Source information:
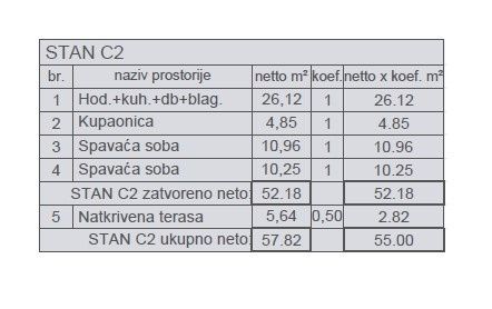 Prodáváme krásný byt v moderní novostavbě ve Štinjanu, s výhledem na moře. Byt C2, o rozloze 57,82 m2 (čistá plocha 55 m2), se nachází v 1. patře bytového domu C a skládá se z vstupní chodby, obývacího pokoje, jídelny a kuchyně, 2 ložnic, koupelny a zastřešené terasy. Byt bude mít venkovní PVC okna, invertorovou klimatizaci, laminátové podlahy v ložnicích a keramické dlažby v ostatních místnostech, a bezpečnostní vstupní dveře. Topení bude regulováno pomocí invertorové klimatizace a bude mít komín s možností připojení kamen na dřevo nebo pelety. V ceně je zahrnuto 1 parkovací místo o rozloze 12,5 m2 (zredukovaná plocha 2,5 m2).
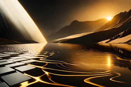 Reflection of the sun in a lake with mountains in the background, abstract wavy black and gold marble background with glowing lines.surreal environment, ai rendering.
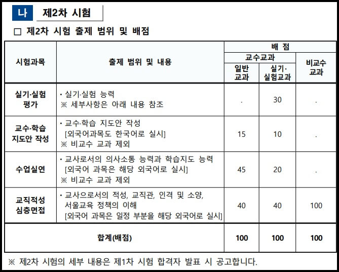 2) 2차 시험 출제범위 및 배점
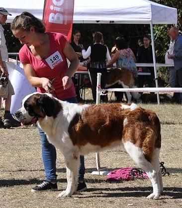 Tête très bien construite. Très bon oeil, forme, couleur, expression. Dentition correcte. Très bon poitrail, poitrine, ligne dessus. Ossature forte, arrière main un peu sur bâtie. Se déplace correctement. Très bon caractère et présentation.
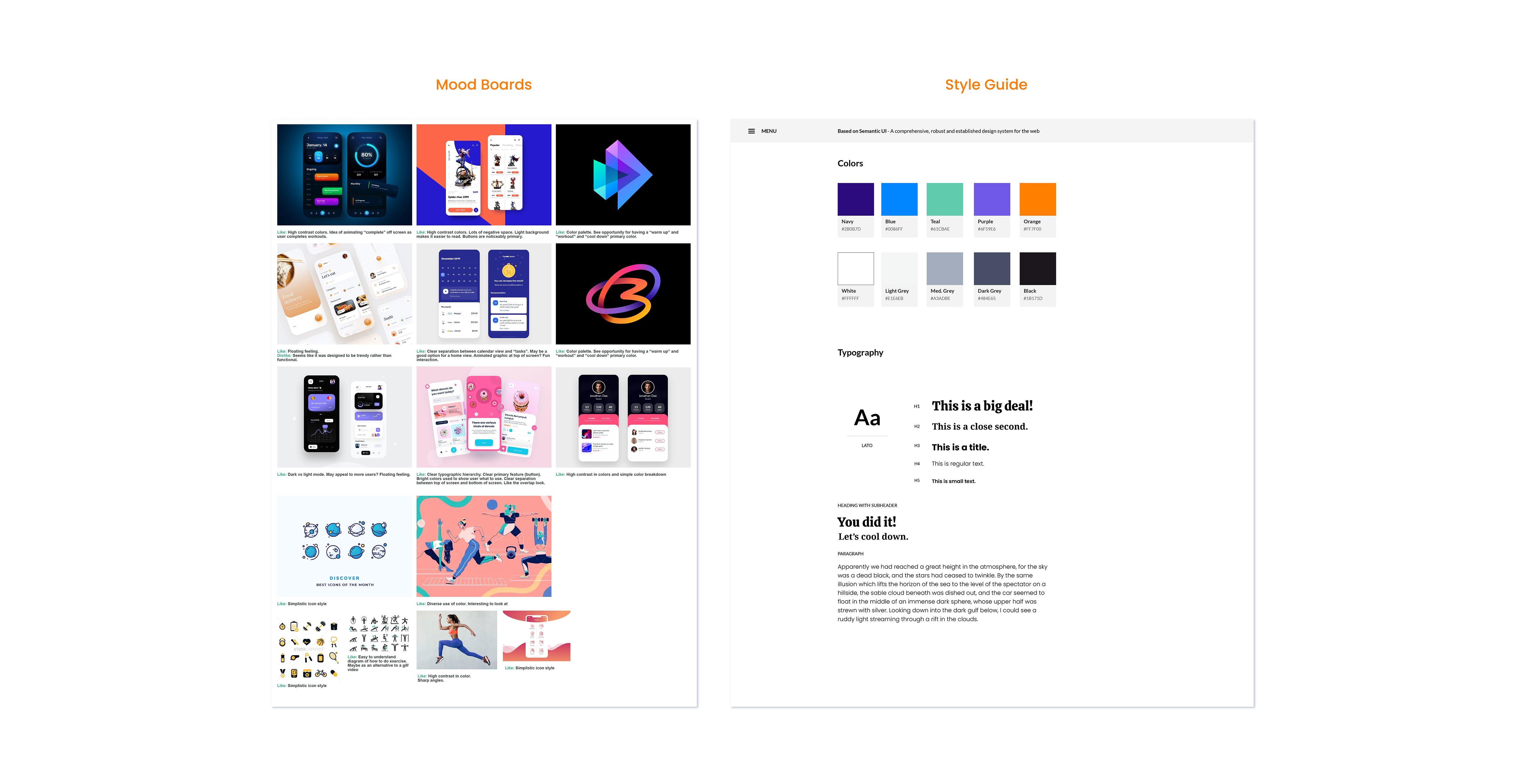 Before adding color to wireframes, the team developed mood boards and style guides. Based on insights learned during research, bright but welcoming colors were chosen to represent EasyFit.
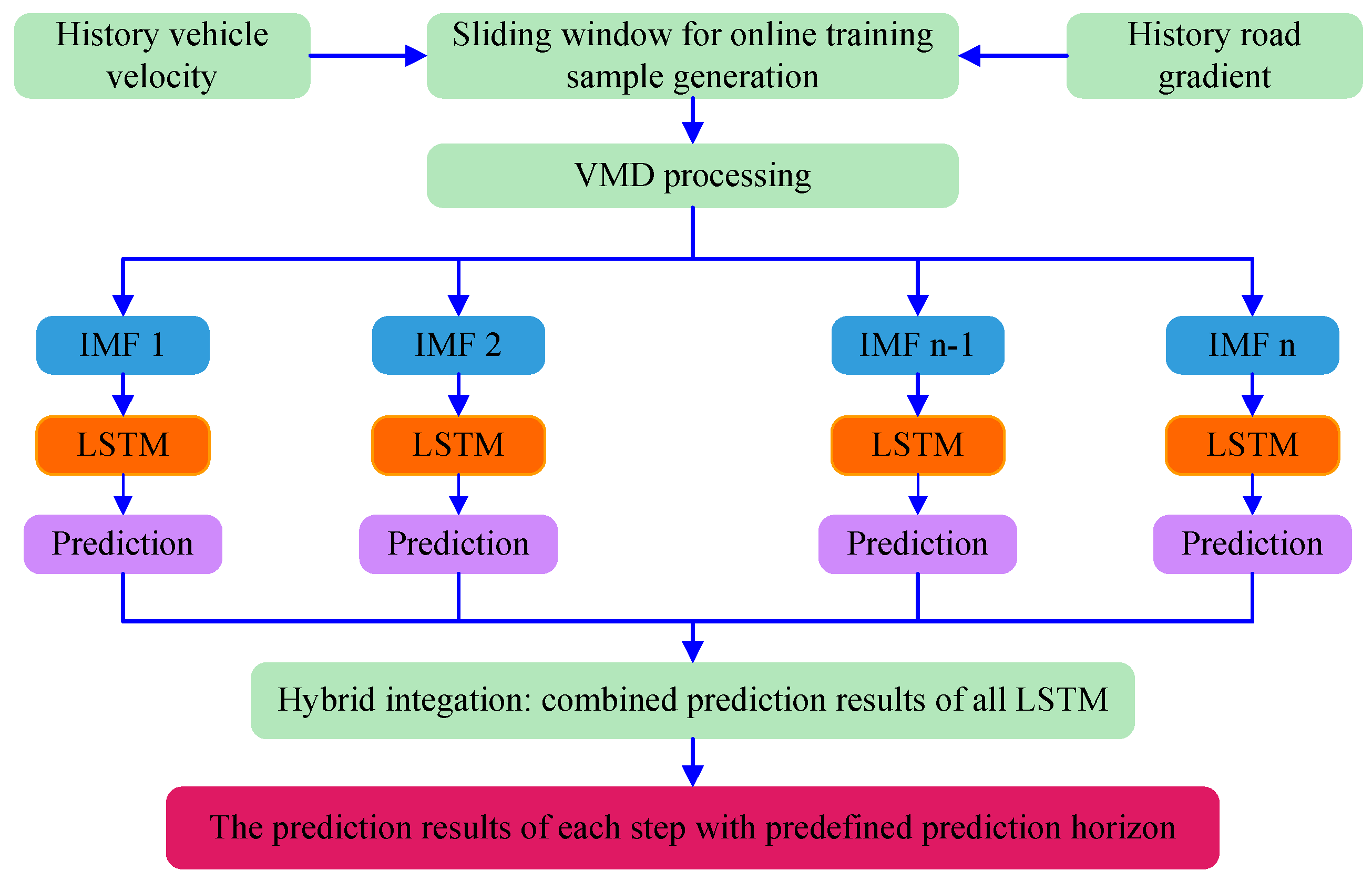 - The proposed VMD-LSTM model significantly improves the prediction accuracy of velocity and road gradient, thus leading to a more accurate power demand prediction.

Problem to solve: Exact transcription of the full listing above is required; images do not belong in it.

Response:
 Prodáváme krásný byt v moderní novostavbě ve Štinjanu, s výhledem na moře. Byt C2, o rozloze 57,82 m2 (čistá plocha 55 m2), se nachází v 1. patře bytového domu C a skládá se z vstupní chodby, obývacího pokoje, jídelny a kuchyně, 2 ložnic, koupelny a zastřešené terasy. Byt bude mít venkovní PVC okna, invertorovou klimatizaci, laminátové podlahy v ložnicích a keramické dlažby v ostatních místnostech, a bezpečnostní vstupní dveře. Topení bude regulováno pomocí invertorové klimatizace a bude mít komín s možností připojení kamen na dřevo nebo pelety. V ceně je zahrnuto 1 parkovací místo o rozloze 12,5 m2 (zredukovaná plocha 2,5 m2).
 Reflection of the sun in a lake with mountains in the background, abstract wavy black and gold marble background with glowing lines.surreal environment, ai rendering.
 2) 2차 시험 출제범위 및 배점
 Tête très bien construite. Très bon oeil, forme, couleur, expression. Dentition correcte. Très bon poitrail, poitrine, ligne dessus. Ossature forte, arrière main un peu sur bâtie. Se déplace correctement. Très bon caractère et présentation.
 Before adding color to wireframes, the team developed mood boards and style guides. Based on insights learned during research, bright but welcoming colors were chosen to represent EasyFit.
 - The proposed VMD-LSTM model significantly improves the prediction accuracy of velocity and road gradient, thus leading to a more accurate power demand prediction.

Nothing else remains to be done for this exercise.